RFC: in-guest CPU tick counters

John-Mark Gurney jmg at funkthat.com
Thu Jan 2 19:51:26 UTC 2020


Robert Crowston via freebsd-virtualization wrote this message on Wed, Jan 01, 2020 at 16:28 +0000:
> I have written a patch that exposes to a sysctl the ticks spent by each CPU executing guest code under bhyve.
> 
> This new feature differs from the existing vmm_stats code in that the existing code expresses per-vm information on a per-virtual-cpu basis. This new patch provides a per-physical-cpu counter of the aggregate number of ticks dedicated to executing guest-mode code since the vmm.ko module was loaded. Following the example of kern.cp_times, it is expressed as a new sysctl ("hw.vmm.stat.guest_ticks") rather than a system call, but I am not particularly attached to that.
> 
> The diffs may be seen here:
> https://github.com/freebsd/freebsd/compare/master...RobCrowston:vmm-host-stats
> 
> I am looking for comments. If the general idea meets with this list's approval, I will submit it to phabricator.
> 
> The new data are intended to be used by utilities like htop. To that end, I have written a separate patch for htop that colours the CPU bars to express the time spent for guest execution. After re-compiling htop, enable it with F2 ("Setup") -> "Display Options" -> "Detailed CPU time (System/IO-Wait/Hard-IRQ/Soft-IRQ/Steal/Guest)". Presently, htop only supports this feature for Linux hosts. If the above patch is accepted, I will submit the following patch to htop separately:
> https://github.com/hishamhm/htop/compare/master...RobCrowston:freebsd-vmm-counter-1

I'm worried about the security implications of this.

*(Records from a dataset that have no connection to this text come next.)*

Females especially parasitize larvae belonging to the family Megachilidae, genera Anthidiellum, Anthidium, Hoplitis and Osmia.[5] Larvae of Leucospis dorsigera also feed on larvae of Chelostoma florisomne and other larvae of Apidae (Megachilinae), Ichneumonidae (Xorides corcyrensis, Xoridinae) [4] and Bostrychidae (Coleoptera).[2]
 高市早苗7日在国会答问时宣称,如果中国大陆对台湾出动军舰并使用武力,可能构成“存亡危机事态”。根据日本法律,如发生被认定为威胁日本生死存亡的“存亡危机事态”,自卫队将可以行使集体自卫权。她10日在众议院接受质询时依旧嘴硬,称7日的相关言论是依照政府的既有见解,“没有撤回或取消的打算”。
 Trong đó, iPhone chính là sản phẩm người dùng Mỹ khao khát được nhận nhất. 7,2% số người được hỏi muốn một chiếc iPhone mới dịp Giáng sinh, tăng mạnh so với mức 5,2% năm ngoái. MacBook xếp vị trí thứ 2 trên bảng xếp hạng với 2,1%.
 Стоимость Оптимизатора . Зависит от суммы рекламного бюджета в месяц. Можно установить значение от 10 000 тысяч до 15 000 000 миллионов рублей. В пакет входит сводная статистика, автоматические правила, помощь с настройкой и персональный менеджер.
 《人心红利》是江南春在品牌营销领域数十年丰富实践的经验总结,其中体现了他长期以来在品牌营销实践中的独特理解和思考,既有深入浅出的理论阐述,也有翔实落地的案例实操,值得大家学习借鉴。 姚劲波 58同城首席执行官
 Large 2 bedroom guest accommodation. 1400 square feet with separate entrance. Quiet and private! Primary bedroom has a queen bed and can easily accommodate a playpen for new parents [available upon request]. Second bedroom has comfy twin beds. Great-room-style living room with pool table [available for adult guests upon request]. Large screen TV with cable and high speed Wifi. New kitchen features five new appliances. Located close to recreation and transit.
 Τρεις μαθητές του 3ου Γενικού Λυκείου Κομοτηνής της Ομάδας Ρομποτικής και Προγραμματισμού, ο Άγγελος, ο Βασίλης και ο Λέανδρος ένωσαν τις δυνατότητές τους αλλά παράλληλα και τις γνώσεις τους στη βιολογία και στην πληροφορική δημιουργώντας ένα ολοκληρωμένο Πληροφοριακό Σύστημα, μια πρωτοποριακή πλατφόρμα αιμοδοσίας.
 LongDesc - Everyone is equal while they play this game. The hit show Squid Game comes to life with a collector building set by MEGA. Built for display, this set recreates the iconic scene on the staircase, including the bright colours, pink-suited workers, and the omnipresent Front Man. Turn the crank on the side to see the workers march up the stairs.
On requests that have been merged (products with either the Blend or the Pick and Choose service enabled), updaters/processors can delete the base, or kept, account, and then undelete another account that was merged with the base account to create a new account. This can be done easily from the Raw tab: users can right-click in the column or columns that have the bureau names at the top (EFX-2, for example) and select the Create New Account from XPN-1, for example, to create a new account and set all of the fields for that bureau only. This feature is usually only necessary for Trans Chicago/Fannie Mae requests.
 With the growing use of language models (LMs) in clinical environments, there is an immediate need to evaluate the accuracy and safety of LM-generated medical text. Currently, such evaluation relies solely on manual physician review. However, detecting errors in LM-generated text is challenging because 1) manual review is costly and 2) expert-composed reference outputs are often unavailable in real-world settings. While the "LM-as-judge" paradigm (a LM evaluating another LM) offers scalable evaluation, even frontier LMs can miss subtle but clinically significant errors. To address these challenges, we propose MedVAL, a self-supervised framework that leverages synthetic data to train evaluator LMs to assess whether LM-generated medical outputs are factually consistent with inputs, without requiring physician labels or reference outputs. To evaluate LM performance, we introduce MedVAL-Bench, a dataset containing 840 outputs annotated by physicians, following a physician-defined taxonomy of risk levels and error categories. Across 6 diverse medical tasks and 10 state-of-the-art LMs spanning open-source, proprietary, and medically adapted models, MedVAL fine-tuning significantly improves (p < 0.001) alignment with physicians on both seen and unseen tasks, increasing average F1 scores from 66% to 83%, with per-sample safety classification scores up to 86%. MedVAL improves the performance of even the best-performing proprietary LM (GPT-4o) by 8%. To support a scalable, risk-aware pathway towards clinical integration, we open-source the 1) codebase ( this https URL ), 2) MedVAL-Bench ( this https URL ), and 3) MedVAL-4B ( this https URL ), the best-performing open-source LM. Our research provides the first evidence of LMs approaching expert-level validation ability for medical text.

It is likely to expose a side channel attack on the guest machines
from a normal user on the host if these cpu cycle counters are exposed
to all users, which is the default.

The counters should be restricted on who has access to them, and only
allowing root, or the owner of the guest vmm to access them.

-- 
  John-Mark Gurney				Voice: +1 415 225 5579

     "All that I will do, has been done, All that I have, has not."